EXERCISE DATA Block Start

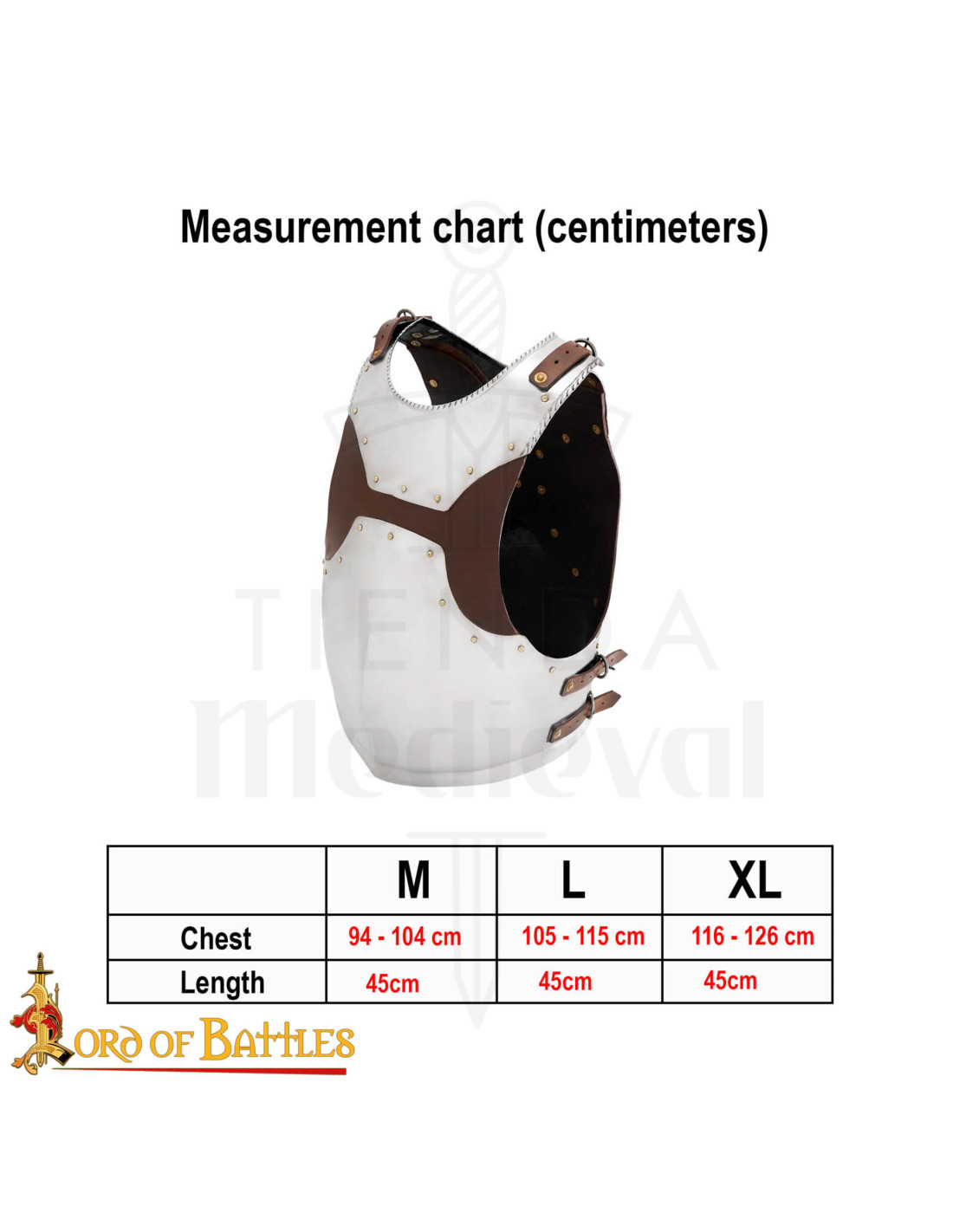 Dets strukturerede design med kurvede former og vinkler muliggør fremragende bevægelighed, ideel til at bevæge sig sikkert under reenactments, LARP eller teaterforestillinger. Styrken fra stålet kombineres med læderets fleksibilitet, hvilket giver effektiv beskyttelse mod slag mod bryst og mave uden at begrænse dine bevægelser.
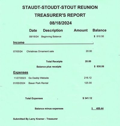 Donations were appreciated by John Baker, Lee Ellen Conley, Shelby Hoggatt, Rev. Dr. Robert S. Stoudt, Carl Stout, Marvin Stout, Bert and Janet Stout Toms, and Lorrie Stout Ward.
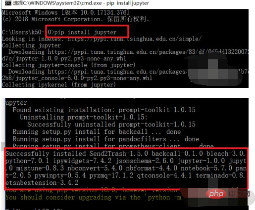 pip install jupyterpip會自動下載jupyter對應的依賴,然后安裝完成。如下面第二張圖中所示,比linux版本上安裝的包好像要多一些。Jyh少兒編程網-https://www.pxcodes.com
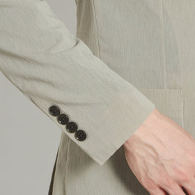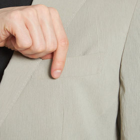 ジャケットは袖裏なしの軽快な仕立てで、清涼感のある着用感。

EXERCISE DATA Block End

TASK DESCRIPTION —
Exclude every image and return the material above exactly.

RESPONSE —
 Dets strukturerede design med kurvede former og vinkler muliggør fremragende bevægelighed, ideel til at bevæge sig sikkert under reenactments, LARP eller teaterforestillinger. Styrken fra stålet kombineres med læderets fleksibilitet, hvilket giver effektiv beskyttelse mod slag mod bryst og mave uden at begrænse dine bevægelser.
 Donations were appreciated by John Baker, Lee Ellen Conley, Shelby Hoggatt, Rev. Dr. Robert S. Stoudt, Carl Stout, Marvin Stout, Bert and Janet Stout Toms, and Lorrie Stout Ward.
 pip install jupyterpip會自動下載jupyter對應的依賴,然后安裝完成。如下面第二張圖中所示,比linux版本上安裝的包好像要多一些。Jyh少兒編程網-https://www.pxcodes.com
 ジャケットは袖裏なしの軽快な仕立てで、清涼感のある着用感。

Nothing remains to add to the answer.